Various startups have sought to formalize these donations and make them more convenient for those receiving and giving them. For example, if you have a party in your flat, the sheer number of glass bottles can easily add up to a heavy load to return to the gobbling recycling machine.

The website Pfandgeben (literally “deposit-giving”), allows those with a bottle surplus to connect with those who need the deposits. “It’s a win-win situation,” says Jonas Kakoschke, who started the website in 2011 as part of his communications degree. “It’s used by small offices and agencies also—even my current coworking space.” The graphic designer and social entrepreneur credits the success of his website to the importance of the human interaction it facilitates: “Rather than just putting their bottles on the street, people want to see the face of the person they’re donating to,” he says.

Meanwhile, the campaign Pfand gehört daneben (roughly “Deposits belong alongside”) began in 2015 to encourage those drinking unterwegs (on the way) to place their bottles next to the garbage, rather than inside the can, allowing those collecting deposits to simply pick them up, instead of sticking their arm into the dirty and potentially dangerous receptacle to find those eight-cent treasures. With 172 million euros’ worth of bottles being thrown away each year, it’s a simple act of solidarity with those less fortunate. Soft drink manufacturer Fritz Kola now has the catchphrase printed on the front of its bottles.

This system hugely affects the culture of how Berliners drink, particularly in the summer, when the parks and canal banks fill up with huddles of socially inclined drinkers. Separating the bottles from the rest of the trash is an accepted act of polite social responsibility—by donating them or leaving them for someone else, the communal activity of drinking with friends almost automatically includes a small donation to the least fortunate in the local neighborhood. For example, at the edge of Tempelhofer Feld, a disused airport whose bike-friendly runways are a popular sunset spot for locals, collection carts sit ready for anyone exiting the park to drop what they’ve drunk. These receptacles are collected by a group of friendly women, whose signs say that their pfand will be donated to help support young people in the local community.

What could have been an inconvenient innovation from the German government, mandating consumer participation in environmental policy, has turned into a way to redistribute money to the needy, keep the city clean and be socially responsible with your recycling. And it’s a boon for Berlin’s drinking population, from the barbecuing family in Volkspark Friedrichshain, to the old men playing boules by the Landwehr canal, to the students sipping lager on the U-Bahn on their way to the club.

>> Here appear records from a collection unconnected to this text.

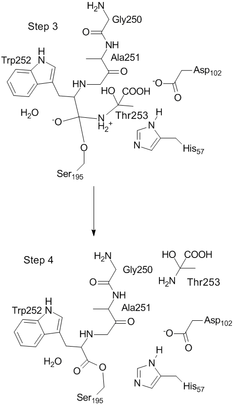 Transition state between Steps 3 and 4 of Chymotrypsin Mechanism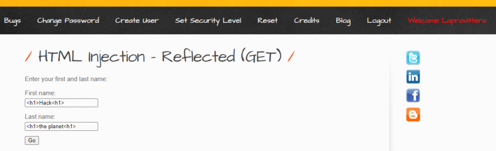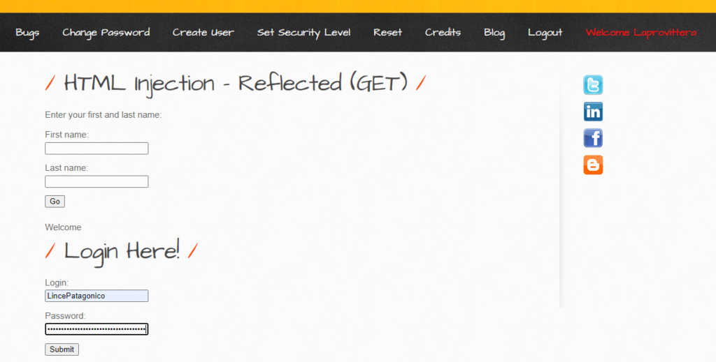 Por ejemplo , un evaluador puede verificar el código fuente del formulario de inicio de sesión y encontrar qué método se está utilizando para ello. Luego, se puede seleccionar el método de inyección HTML apropiado en consecuencia.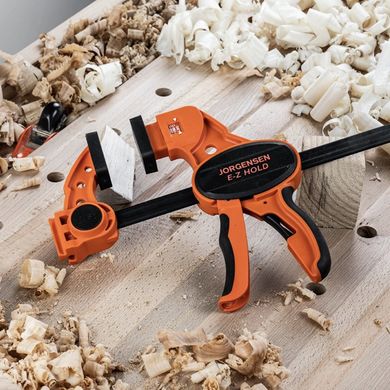За разлика от конвенционалните стяги, E-Z Hold ви позволява да регулирате налягането с помощта на лост, така че можете да настроите силата на стягане според точния вид материал. Независимо дали работите с дърво, пластмаса или други материали, стягата осигурява сигурно и здраво захващане, без да поврежда детайла.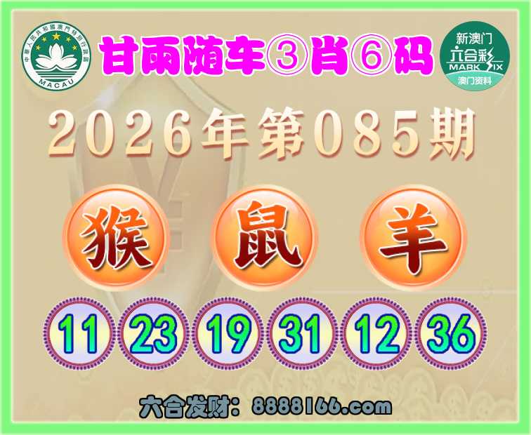 085期:《甘雨随车》 ⌚③肖⑥码⌚【猴鼠羊】开:鼠19准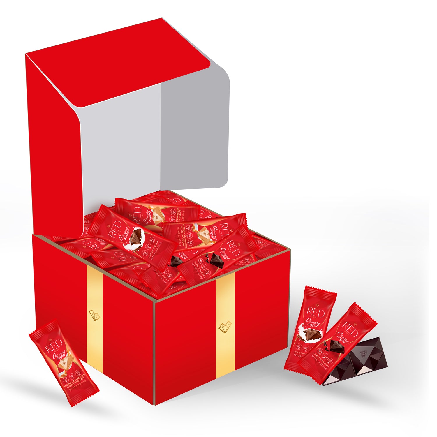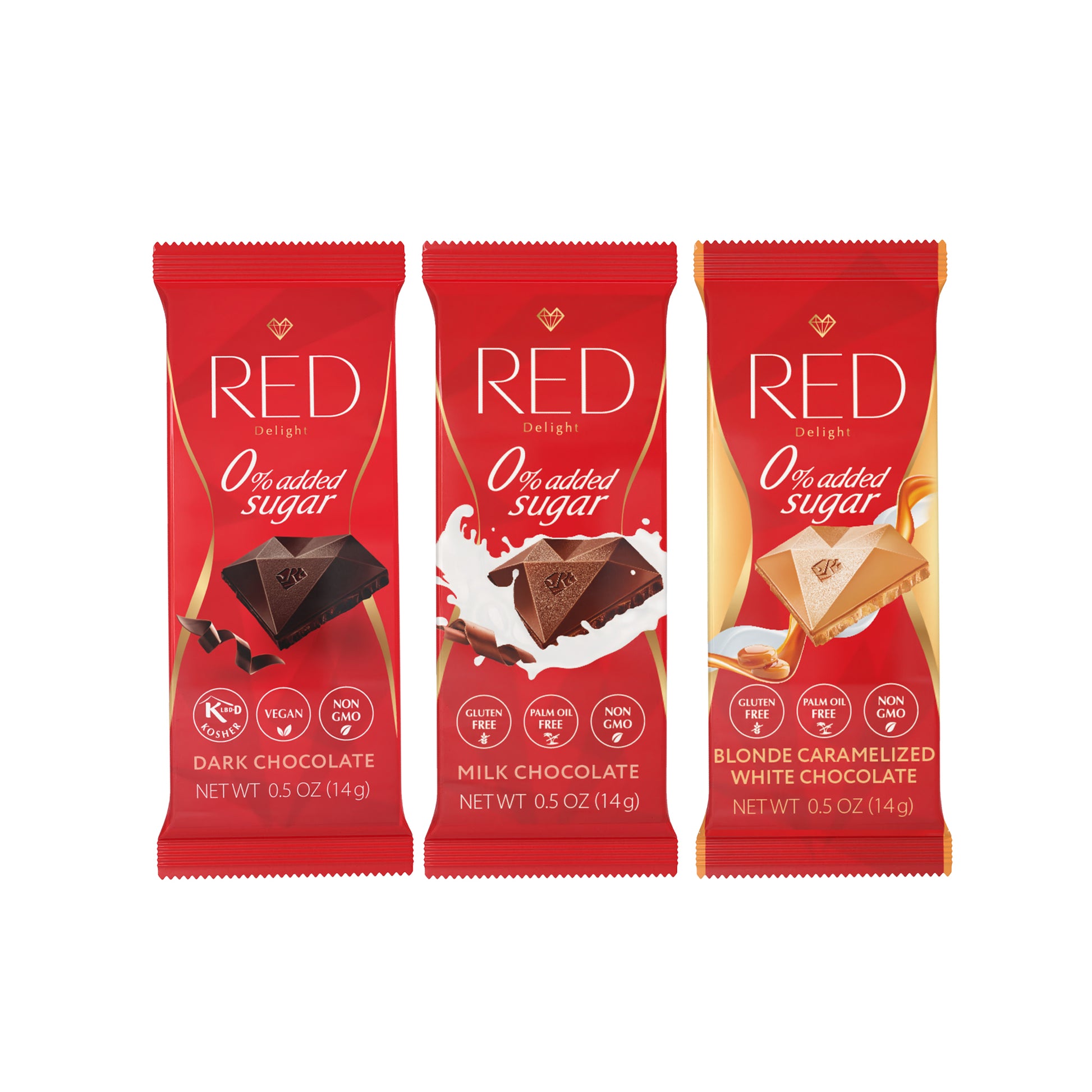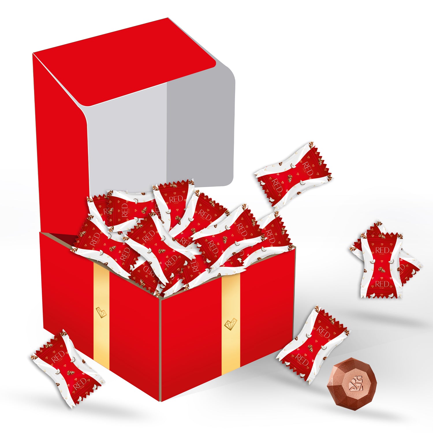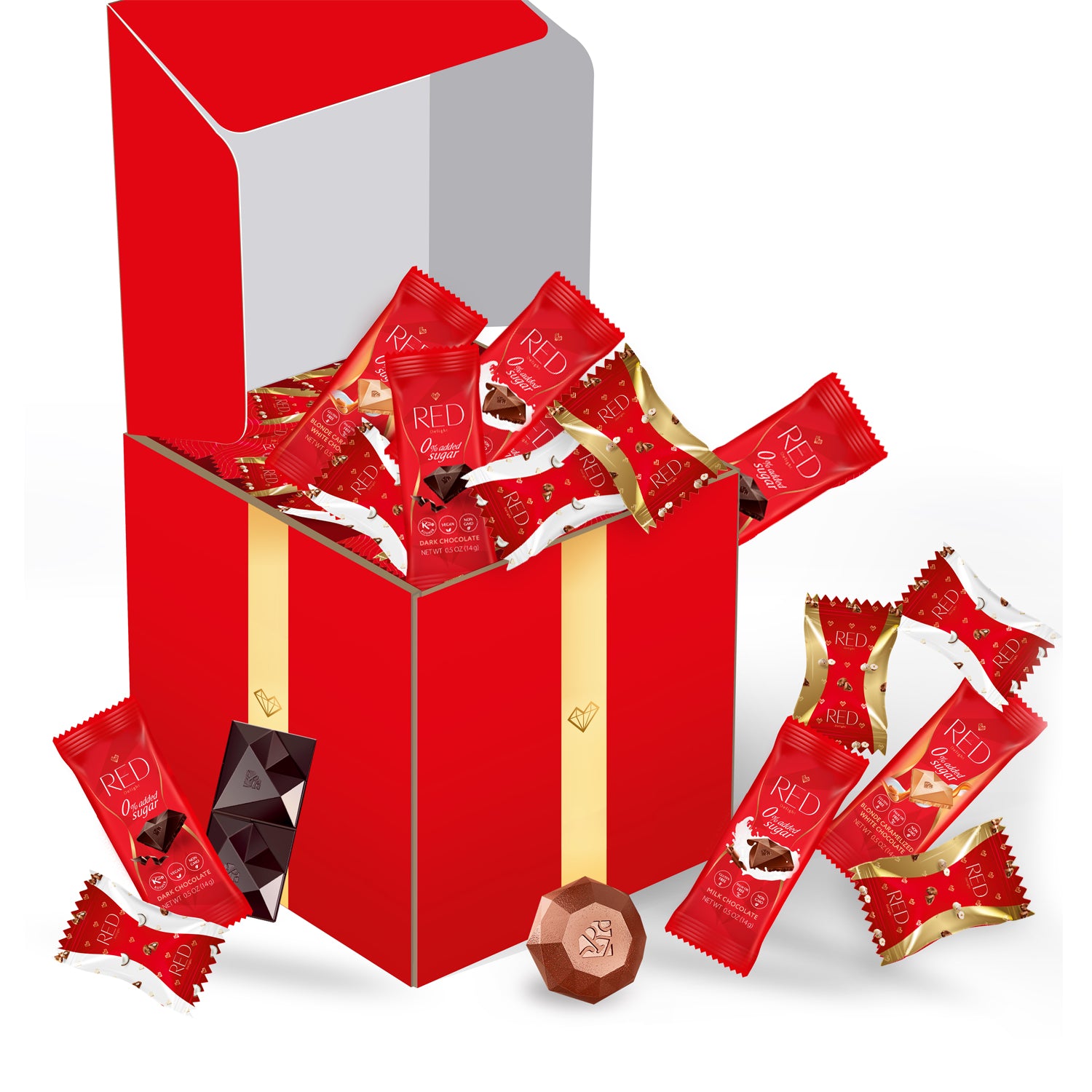 Indulge in RED Delight®™ Chocolate this year. Savor our velvety milk chocolate truffles with a smooth coconut or hazelnut and macadamia filling. Indulge in bite-sized bars in milk, dark, and blonde caramelized white chocolate. Choose 1 of your favorite bite size chocolate bar flavors, a mixed variety of bite sized chocolate bars in all 3 flavors or a combo of both, truffles (in 2 flavors) and bite size chocolate bars (in all 3 flavors). Enjoy 100 individually wrapped chocolates in each gift box, perfect for gifting something sweet this year.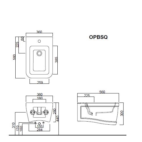 Биде подвесное Cielo Opera Quadro OPBSQ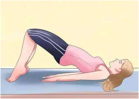2.平卧,双脚和肩部支地,挺起身体,,限度绷紧臀部肌肉,然后放松。

Photo 1: a box where bottles can be left at Berlin's Tempelhofer Feld, labeled "Thanks for the empties for young disabled people!"
Photo 2: Anthony and Tino with their pre-party bottles.

Local Taste: JUST SCRAPPING BY

One bottle and can at a time, scrappers across New York City collect discarded containers to turn a profit at recycling redemption centers, making a meager living a nickel at a time (far less than the pfand offered by the German government). Can collecting as we know it became a “thing” in 1982, when New York enacted its Bottle Bill, as part of environmental conservation legislation to incentivize recycling across the city, to reduce litter and ease the burden on solid waste facilities.